Upgrading containerd from 1.7 to 2.x? Read this first!

Since Kubernetes 1.20 deprecated Dockershim (and removed it entirely in Kubernetes 1.24), containerd has become the de facto container runtime for Kubernetes environments. HCL Connections Component Pack runs on Kubernetes, making containerd a critical dependency for Connections deployments.

Although HCL generally follows the Kubernetes release lifecycle in its Component Pack (CR) releases, containerd 1.7 remained the highest supported version for a long time. This changed with HCL Connections 8 CR14, which introduced support for Kubernetes 1.35 and, consequently, containerd 2.2.x. At the same time, support for containerd 1.7.x was dropped for Kubernetes 1.35 deployments.

CR14 continues to support Kubernetes 1.34 and containerd 1.7.29, allowing administrators to postpone the containerd upgrade if desired. However, this will likely only delay the inevitable until a future release. If you are planning to upgrade your Connections Component Pack environment to a release that requires containerd 2.x, there is an important change you should be aware of.

The change

Containerd 2.x no longer sets the maximum number of open files (LimitNOFILE) to infinity by default. Instead, it inherits the systemd defaults:

Soft limit: 1,024
Hard limit: 524,288

This article provides a good overview of the change and what it entails.

While these values may be sufficient for many workloads, heavily used Kubernetes environments can encounter issues when applications require a large number of simultaneously open file descriptors.

The problem we encountered

On the next workday after our upgrade, we started seeing the following error in our MongoDB pods:

EMFILE: Too many open files

As a result, MongoDB became unstable and crashed repeatedly.

Whether you encounter this issue depends largely on the size and workload characteristics of your environment. In our case, the environment serves approximately 45.000 users and experiences heavy usage of Activities Plus / Huddo Boards, resulting in significant load on the MongoDB backend.

Our solution

We chose to restore the previous behavior by setting the open file limit back to infinity for the containerd service.
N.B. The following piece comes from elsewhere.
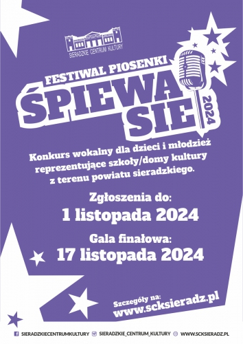 Sieradzkie Centrum Kultury zaprasza do udziału w konkursie wokalnym dla dzieci i młodzieży reprezentujących szkoły/domy kultury z terenu powiatu sieradzkiego. Zgłoszenia do 1 listopada.

On Red Hat Enterprise Linux, this can be done by creating a systemd override:

cat > /etc/systemd/system/containerd.service.d/limits.conf <<EOF
[Service]
LimitNOFILE=infinity
EOF

systemctl daemon-reload
systemctl restart containerd

After restarting containerd, any affected workloads should also be restarted so they can inherit the new limits. For example:

kubectl rollout restart sts mongo7 -n connections

Verifying the open file limit

You can verify the active limit on a Kubernetes node running containerd:

systemctl show containerd -p LimitNOFILE

Expected output after applying the override:

LimitNOFILE=infinity

You can also verify the limit of the running containerd process:

cat /proc/$(pidof containerd)/limits | grep "Max open files"

Example output:

Max open files            1073741816           1073741816           files

To check the limits seen inside a pod:

kubectl exec -it <pod> -- cat /proc/self/limits | grep "Max open files"

Or, for MongoDB pods specifically:

kubectl exec -it mongo7-0 -n connections -- cat /proc/self/limits | grep "Max open files"

If the limit was inherited correctly, both the soft and hard limits should show as a ridiculously large number, like 1073741816.

Final Thoughts

If you are upgrading from containerd 1.7 to 2.x as part of a Kubernetes and HCL Connections Component Pack upgrade, verify your open file limits before going live. Environments with high user counts or database-intensive workloads may be particularly vulnerable to this change.

Special thanks to my colleague Jan Flipsen, who quickly identified the issue and found the solution this morning after our upgrade to CR14 last night.